• [Exercise prompt]
Leaving out every picture, copy the lines of the material below exactly, from the line containing "橡膠履帶底盤長706mm,橡" through the line containing "Nel pannello frontale".

• [Stored data]
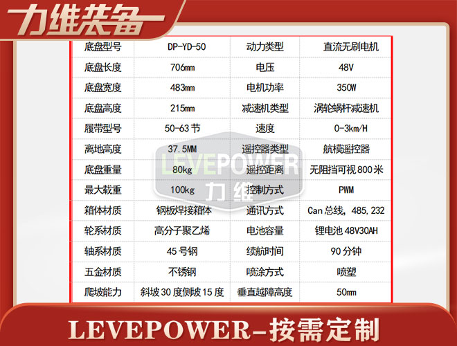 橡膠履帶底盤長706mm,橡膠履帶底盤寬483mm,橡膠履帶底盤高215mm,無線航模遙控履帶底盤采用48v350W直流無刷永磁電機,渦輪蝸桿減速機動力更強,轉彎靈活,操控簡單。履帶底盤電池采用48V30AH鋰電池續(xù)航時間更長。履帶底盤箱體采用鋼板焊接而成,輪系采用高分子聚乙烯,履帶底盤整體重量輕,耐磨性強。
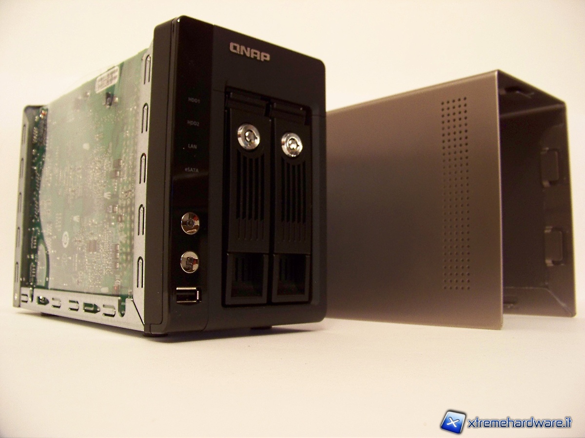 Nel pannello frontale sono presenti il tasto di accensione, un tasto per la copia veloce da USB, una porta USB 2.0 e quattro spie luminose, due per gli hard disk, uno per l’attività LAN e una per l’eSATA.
* * *
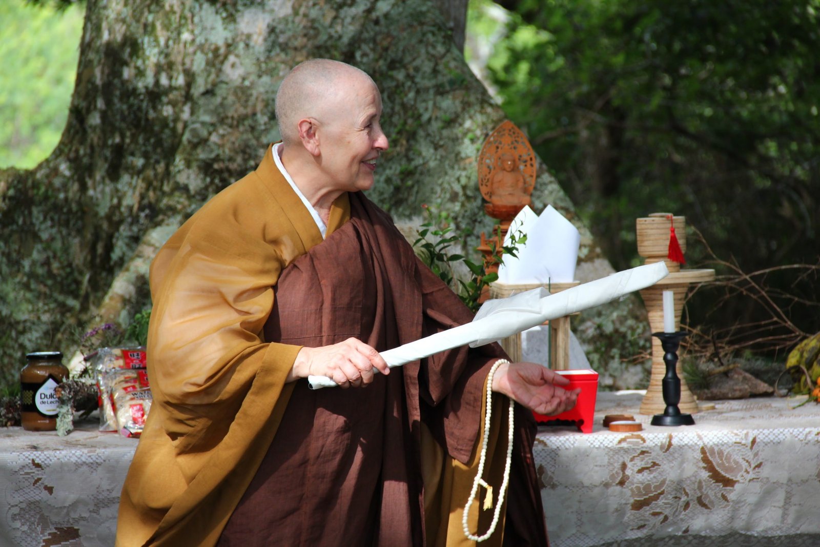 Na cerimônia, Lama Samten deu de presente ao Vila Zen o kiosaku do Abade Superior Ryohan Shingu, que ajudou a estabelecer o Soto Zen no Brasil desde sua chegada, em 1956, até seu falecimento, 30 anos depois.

• [Exercise output]
 橡膠履帶底盤長706mm,橡膠履帶底盤寬483mm,橡膠履帶底盤高215mm,無線航模遙控履帶底盤采用48v350W直流無刷永磁電機,渦輪蝸桿減速機動力更強,轉彎靈活,操控簡單。履帶底盤電池采用48V30AH鋰電池續(xù)航時間更長。履帶底盤箱體采用鋼板焊接而成,輪系采用高分子聚乙烯,履帶底盤整體重量輕,耐磨性強。
 Nel pannello frontale sono presenti il tasto di accensione, un tasto per la copia veloce da USB, una porta USB 2.0 e quattro spie luminose, due per gli hard disk, uno per l’attività LAN e una per l’eSATA.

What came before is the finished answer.